21 Basics – PDSP

21.1 Construct DataFrame by column

You can create a polars DataFrame from a dictionary of arrays/lists, i.e. by inputting columb by column - just like in pandas:

dat1 = pl.DataFrame({"Fruit":["mango", "banana", "tangerine"],
                     "Rating":[8, 9, 7],
                     "Cost":[5, 2, 3]})
dat1

shape: (3, 3)

Fruit	Rating	Cost
str	i64	i64
"mango"	8	5
"banana"	9	2
"tangerine"	7	3

type(dat1)

polars.dataframe.frame.DataFrame

21.2 Read csv

dat = pl.read_csv("/Users/egenn/icloud/Data/iris.csv",
    schema_overrides={'Species': pl.Categorical})
dat

shape: (150, 5)

Sepal.Length	Sepal.Width	Petal.Length	Petal.Width	Species
f64	f64	f64	f64	cat
5.1	3.5	1.4	0.2	"setosa"
4.9	3.0	1.4	0.2	"setosa"
4.7	3.2	1.3	0.2	"setosa"
4.6	3.1	1.5	0.2	"setosa"
5.0	3.6	1.4	0.2	"setosa"
…	…	…	…	…
6.7	3.0	5.2	2.3	"virginica"
6.3	2.5	5.0	1.9	"virginica"
6.5	3.0	5.2	2.0	"virginica"
6.2	3.4	5.4	2.3	"virginica"
5.9	3.0	5.1	1.8	"virginica"

21.3 Get dimensions: `shape`

dat.shape

(150, 5)

21.4 Show first n rows: `head()`

defaults to first 5 rows

dat.head()

shape: (5, 5)

Sepal.Length	Sepal.Width	Petal.Length	Petal.Width	Species
f64	f64	f64	f64	cat
5.1	3.5	1.4	0.2	"setosa"
4.9	3.0	1.4	0.2	"setosa"
4.7	3.2	1.3	0.2	"setosa"
4.6	3.1	1.5	0.2	"setosa"
5.0	3.6	1.4	0.2	"setosa"

dat.head(3)

shape: (3, 5)

Sepal.Length	Sepal.Width	Petal.Length	Petal.Width	Species
f64	f64	f64	f64	cat
5.1	3.5	1.4	0.2	"setosa"
4.9	3.0	1.4	0.2	"setosa"
4.7	3.2	1.3	0.2	"setosa"

21.5 Get & set column names: `df.columns`

dat.columns

['Sepal.Length', 'Sepal.Width', 'Petal.Length', 'Petal.Width', 'Species']
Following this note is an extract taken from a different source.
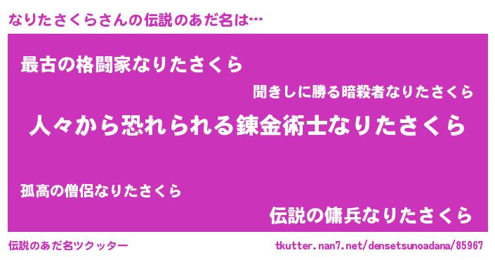 | 女子向けラノベタイトル風あだ名 | 『なりたさくら夫妻のなれそめ』 |

dat.columns = [re.sub("\.", "_", col) for col in list(dat.columns)]
dat.columns

<>:1: SyntaxWarning:

invalid escape sequence '\.'

<>:1: SyntaxWarning:

invalid escape sequence '\.'

/var/folders/rb/99nqfz7s2rb6d_p0d6yxtbxc0000gn/T/ipykernel_51394/1385048352.py:1: SyntaxWarning:

invalid escape sequence '\.'

['Sepal_Length', 'Sepal_Width', 'Petal_Length', 'Petal_Width', 'Species']

21.6 Get column data types: `df.dtypes`

dat.dtypes

[Float64, Float64, Float64, Float64, Categorical(ordering='physical')]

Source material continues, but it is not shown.